Getting Real About AI

As part of ACFCS FinCrime Virtual Week, I served on a panel with Max Lerner of State Street and David Creamer of Scotia Bank, moderated by Jim Richards of RegTech Consulting, where we shared our thoughts and experiences on deploying AI-based solutions for real: in production, mission-critical processes and in the place of human analysts. I was pleased to confirm that RDC remains at the forefront of using AI solutions, but that we’re not alone. My fellow panelists discussed how both State Street and Scotia Bank have deployed solutions similar to AI Review, in that they use an “audit trail” of knowledge worker decisions to train and test predictive models to automate a good deal of that decision-making. We chatted about what worked and what didn’t when using predictive analytics for compliance processes at financial institutions. Here are a few important takeaways:

Start with a clear problem statement and value proposition

This is the most important thing to keep in mind. The most straightforward (and frequently the most valuable) type of AI-based solution is using a predictive model to increase the efficiency and effectiveness of repetitive human decision-making. For example, “Automate level-1 screening analyst activity” or “Automate the creation of Suspicious Activity Reports from transaction monitoring.” We all agreed that practicality was paramount, and that it’s easy to be lured into experimenting with the data, or seeing what the data can tell us by performing open-ended analysis. You will gain valuable insights into your data by going through one or two simple solutions; those insights will suggest the next steps. Start small and build up to more complex solution approaches. Keep in mind that unless you want to fund a research organization, like Google or Stanford, your data scientists aren’t going to be inventing new approaches to machine learning; they’ll be using techniques developed by researchers to solve real problems.

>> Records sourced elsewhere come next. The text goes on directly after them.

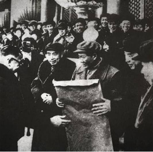 圖為1956年1月15日,北京市實(shí)現(xiàn)全行業(yè)公司合營,民建中央常委樂松生代表北京工商界在天安門城樓向毛澤東主席報(bào)喜 圖片來源:人民網(wǎng)
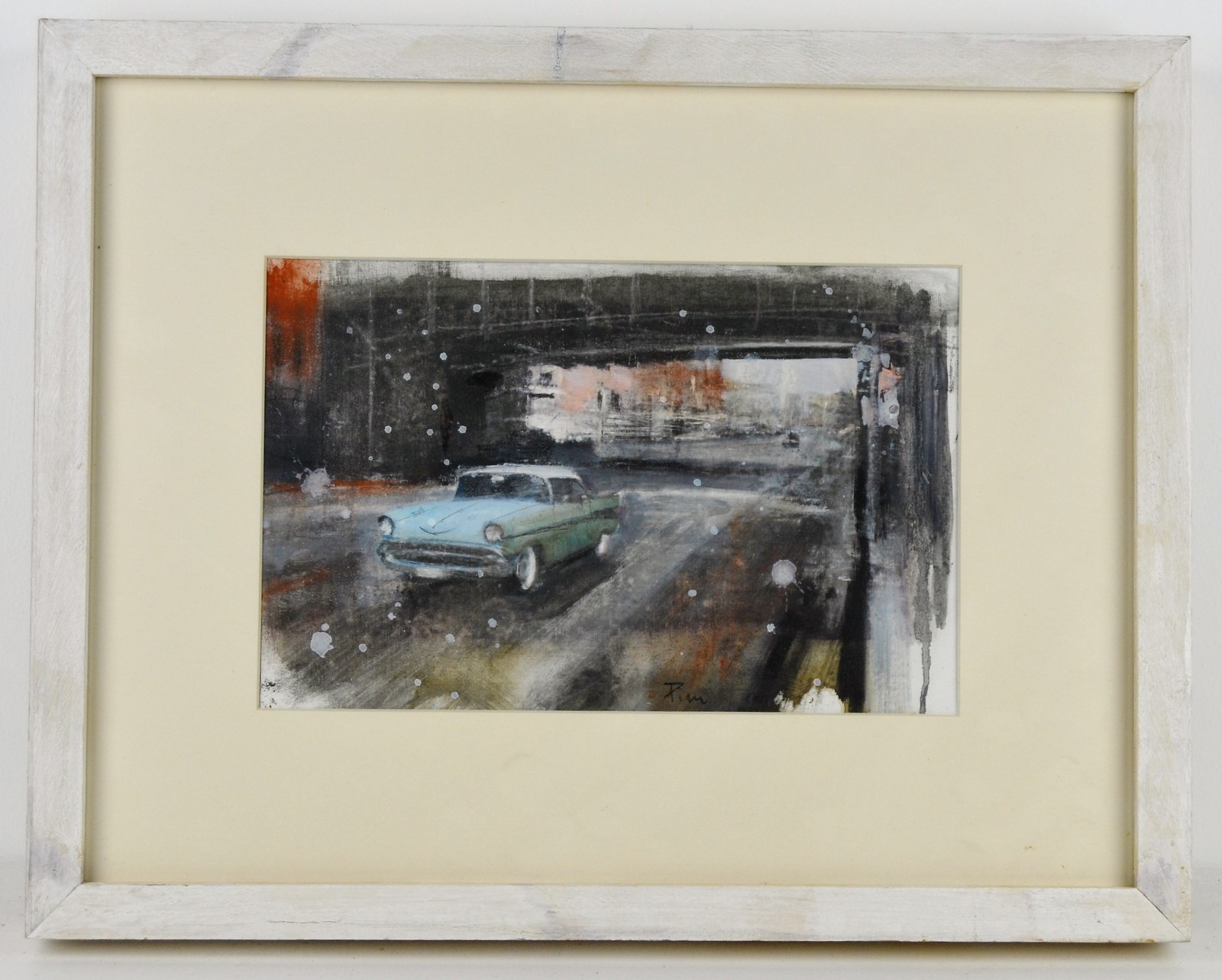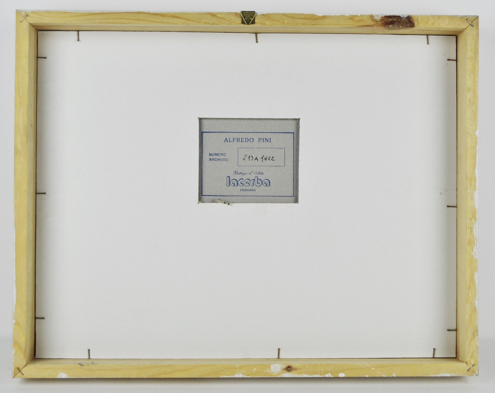 PINI ALFREDO (n. 1958) Untitled. Mixed media on paper. Cm 30,00 x 19,50. Signature lower centre. At the back Bottega d'Arte Lacerba, Ferrara stamps. Alfredo Pini archived.. Cornice presente
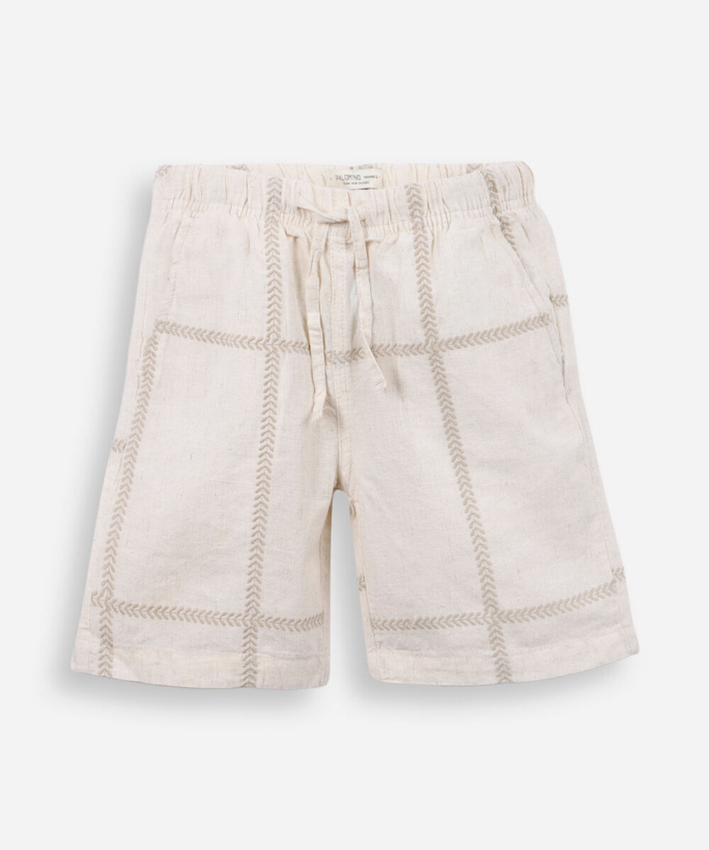 bermuda infantil de algodão com bordados bege
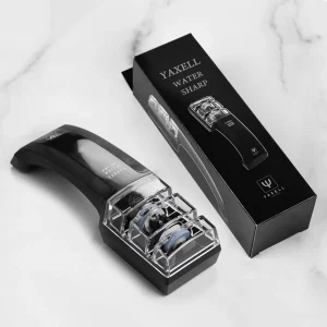 - Електроточилка: забезпечує швидке заточення за допомогою електроприводу, може мати кілька стадій заточення – грубу, середню та фінішну. Гарантує миттєвий результат, не вимагає особливих навичок, проте не підходить для ножів з тонкою кромкою.
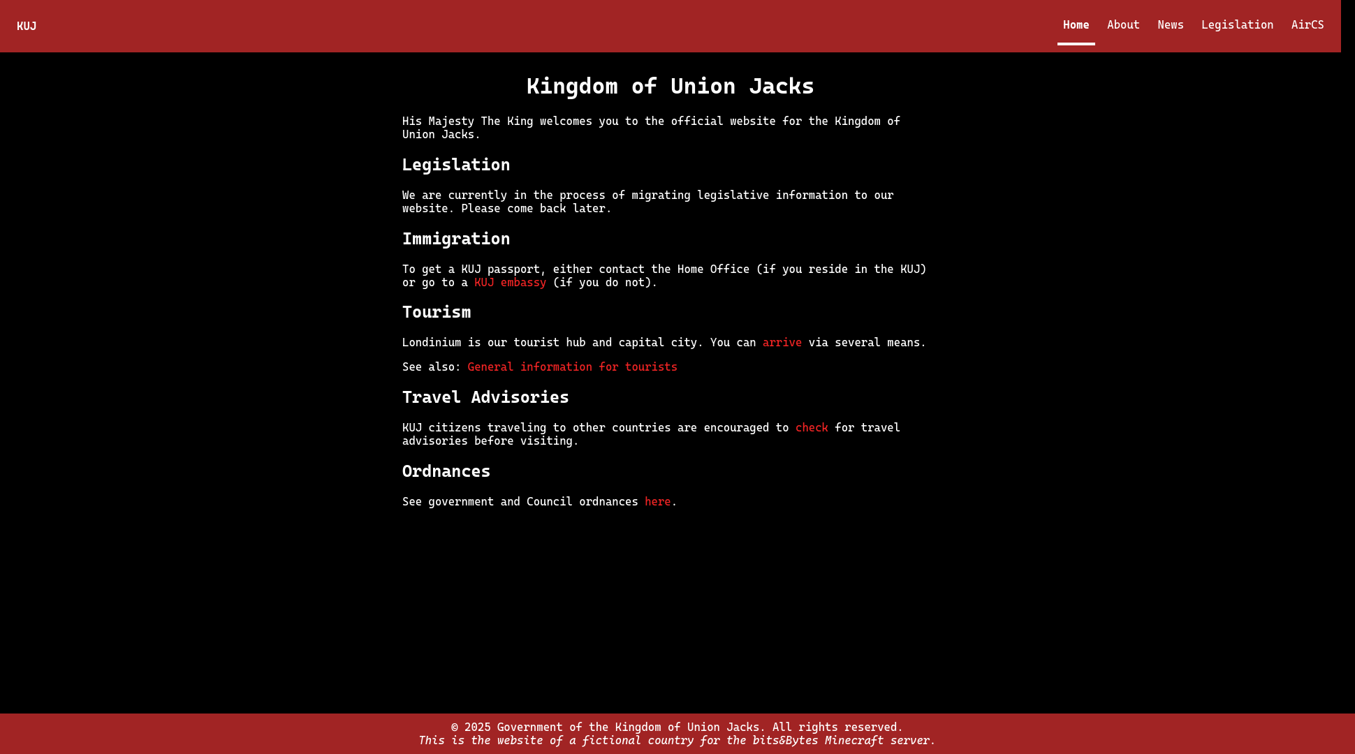 The KUJ government website provides basic information about the country and is intended to be viewed by tourists.
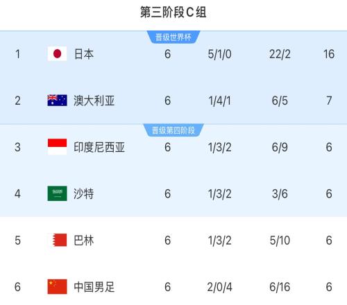 目前在18强赛C组积分榜,国足积6分暂居最后一位,不过与排在第二位的澳大利亚仅仅差1分,沙特则同积6分排在第4位。
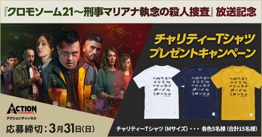 日本唯一の(*1)アクション海外ドラマ専門チャンネル「アクションチャンネル」(旧AXN)(AXN株式会社、本社:東京都渋谷区、代表取締役社長 大園天樹)は、ダウン症のある青年が容疑者となった殺人事件を追う刑事による執念の捜査を描いた、南米チリの最新クライムドラマ「クロモソーム21~刑事マリアナ執念の殺人捜査」を、『世界ダウン症の日(3/21)』にちなみ、3月に独占日本初放送(*2)します。また、今回の放送を記念して、世界ダウン症の日 ダウン症理解啓発チャリティーTシャツのプレゼントキャンペーンも実施します。
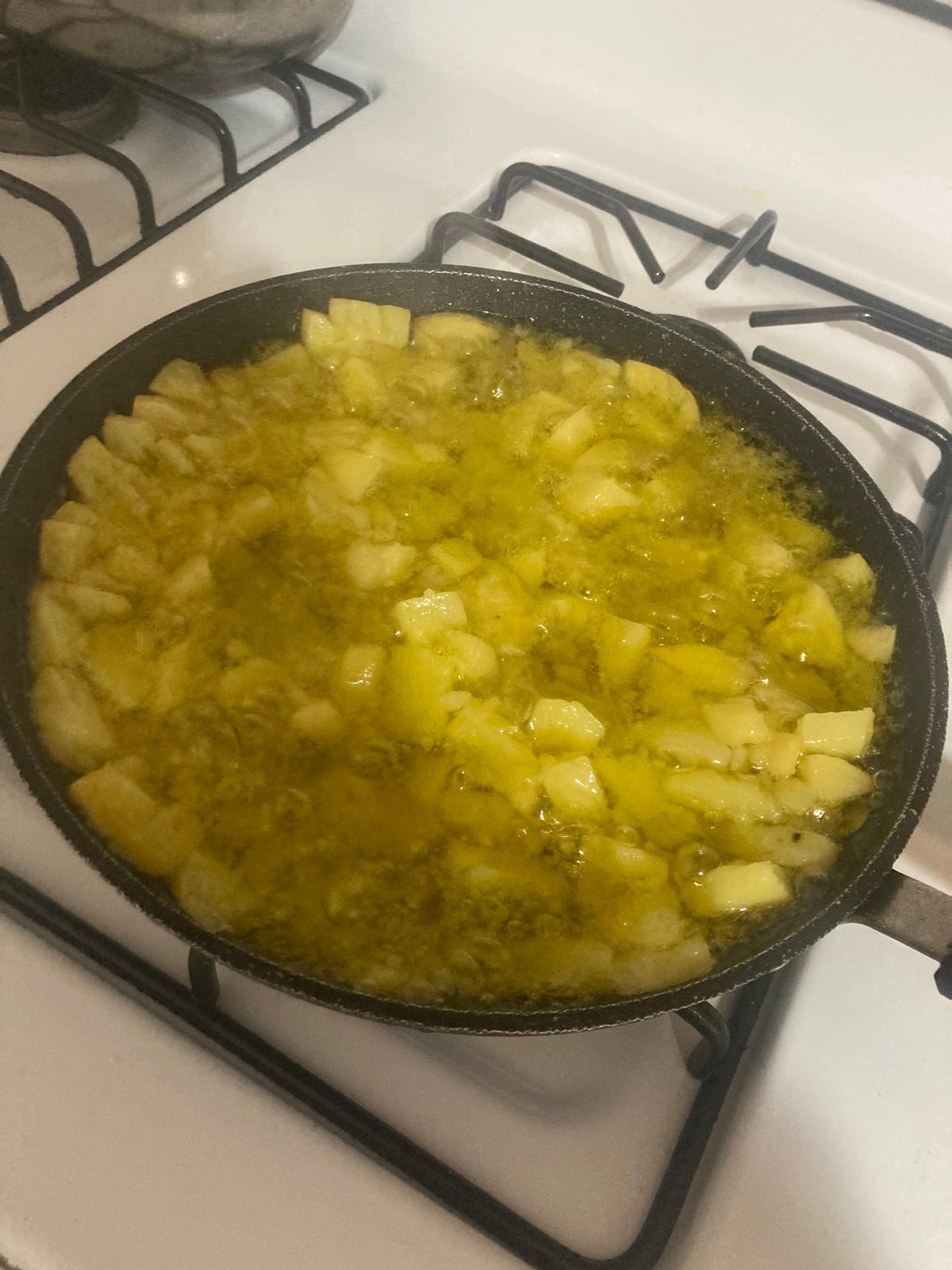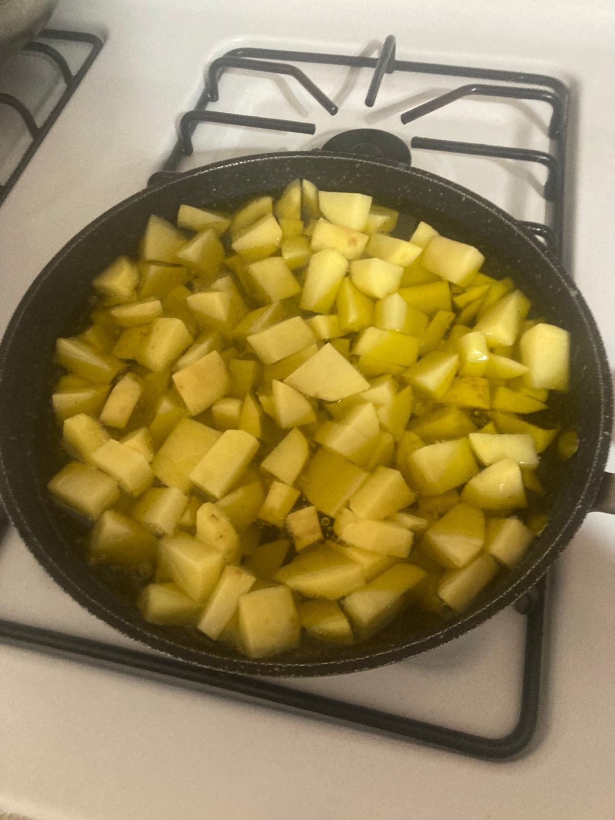- Echamos una cantidad generosa de aceite de oliva virgen extra en una sartén y freímos las patatas. Empezamos a fuego medio-bajo, y bajamos el fuego para que no se tueste. Con un tenedor, espachurramos un poco las patatas cuando estén blandas. Esto mejorará la consistencia.
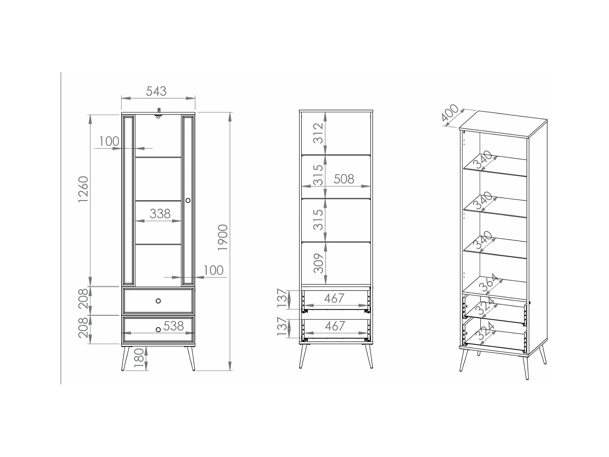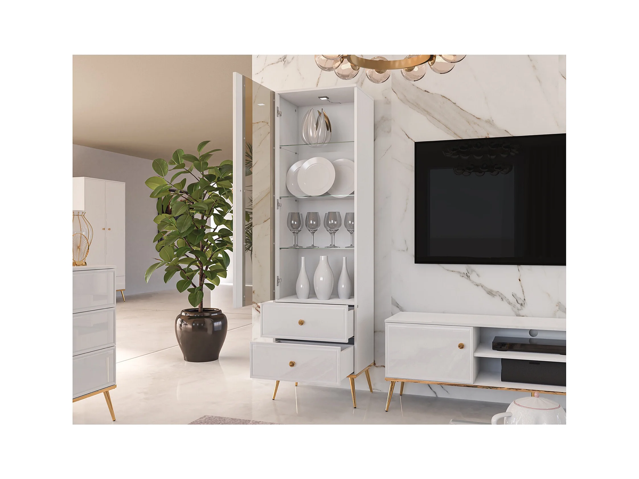 Vitrine - 1-türig - Weiß - DARRBY
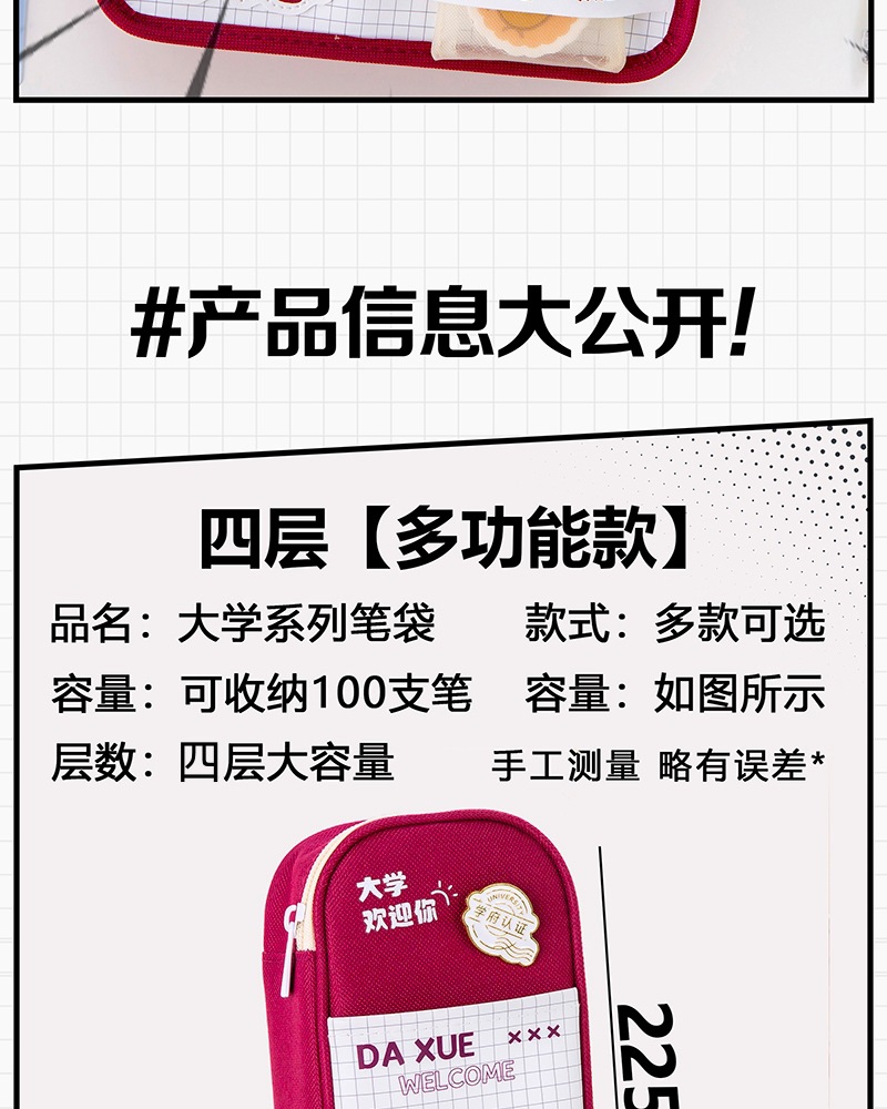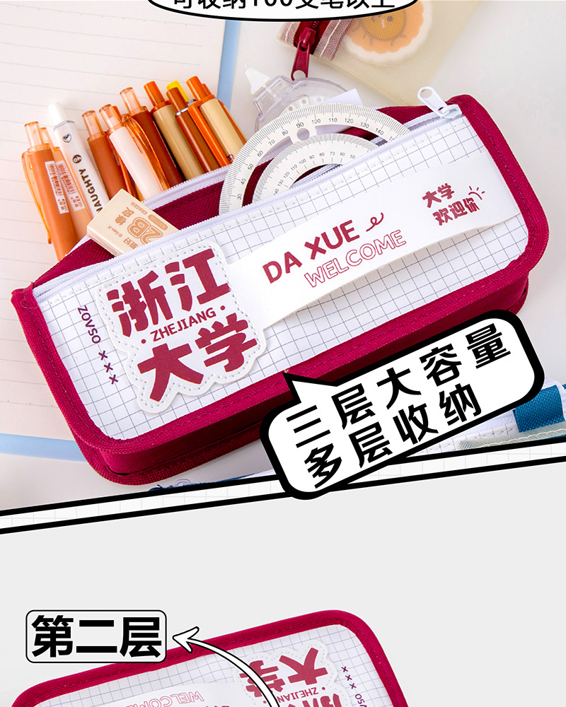 대학 시리즈 연필 가방 영감 고등학교 중학교 초등학교 문구 가방 소년 소녀 다층 대용량 연필 케이스
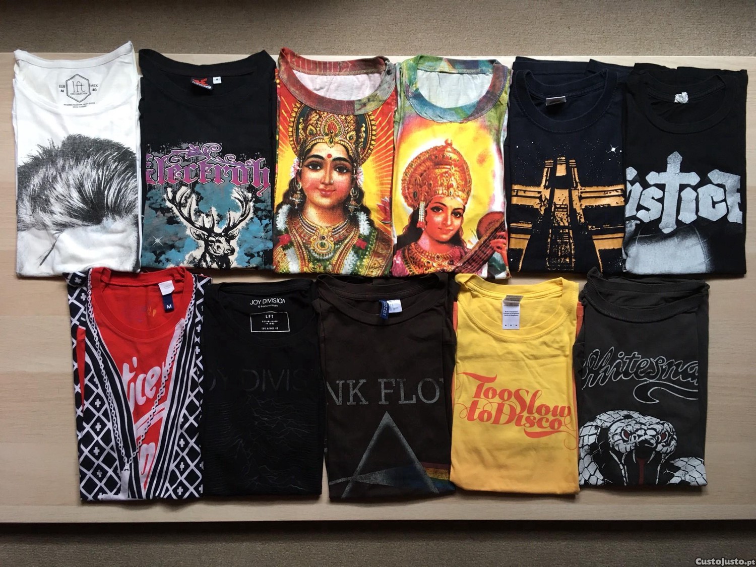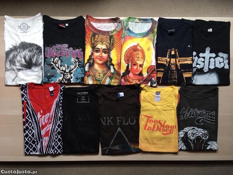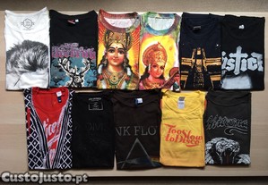 Várias t-shirts para homem de várias bandas e editoras.

A corollary to above, make sure that the subject-matter experts and the data scientists understand one another. It’s likely there will have to be some education on both sides: the SMEs need to understand some basics about predictive analytics, and the data scientists need to have a working knowledge of the business. Without mutual understanding, the solution produced will almost certainly not meet the business requirements nor expectations. This is not a new phenomenon, it was an already-solved problem in software engineering before machine learning became popular. Product companies address this through product management, and other types of businesses through solution analysts. In either case, I like to say that these folks act like a marriage counselor: “When he says this, he means that.”

Even small firms can play in this space. Keeping in mind the advice above, you don’t need a large team of data scientists, nor do you need anyone who’s very senior. What you do need is someone who keeps up with the advances in machine learning – particularly in Python. I’ve never seen a space change so rapidly, the number of new libraries and useful open-source solutions coming online each month is almost overwhelming. A junior data scientist who is energetic, curious and capable of understanding the business constraints will be capable of producing a relatively simple, but valuable, solution like those described above. If data scientists aren’t part of your hiring plan, SaaS solutions that provide basic predictive capabilities over your data are beginning to spring up as well. However, always keep in mind regulatory scrutiny. Many pure machine learning companies have never considered how to deal with regulators. The best thing you can do – whether you’re large or small or in-between – is to engage the regulators early and often. Tell them what you’d like to accomplish, and keep them apprised of how you intend to go about it. I like to compare regulators to mothers-in-law: make an effort, she’s probably nicer than you think, and she’s not going anywhere, so make the best of it.

Treat data quality as a separate project

Too many data scientists make the mistake of cleaning up the data before they train and test their predictive models. Then they’re surprised and disappointed when the model doesn’t work well on data that’s incomplete, contradictory or otherwise imperfect. We’ve had very good results using techniques that perform well even on dirty data. Data quality improvement is a worthy goal, if the business benefits are clear, but producing better predictive models is rarely enough of a plus to warrant the effort. (A few examples of worthwhile data quality improvements: “We’re sending out 40% incorrect billing line items every month to our customers, and need to employee 200 workers to respond to customer calls and correct them” or “Our monthly North America and EMEA financial statements cannot be reconciled, except by hand.”

 AI is real, AI is the future

My fellow panelists and I agree on some key points:

  • Utilizing AI doesn’t have to be onerous nor take copious amounts of manpower or $$s, in fact it helps.
  • The efficiencies and effectiveness that businesses are clamoring for are definitely served by AI. We’ve never seen that more than the past 6 months.
  • Find the right people to lead … and curious and smart beats a senior title any day
  • Data is always important … and how you use is critical.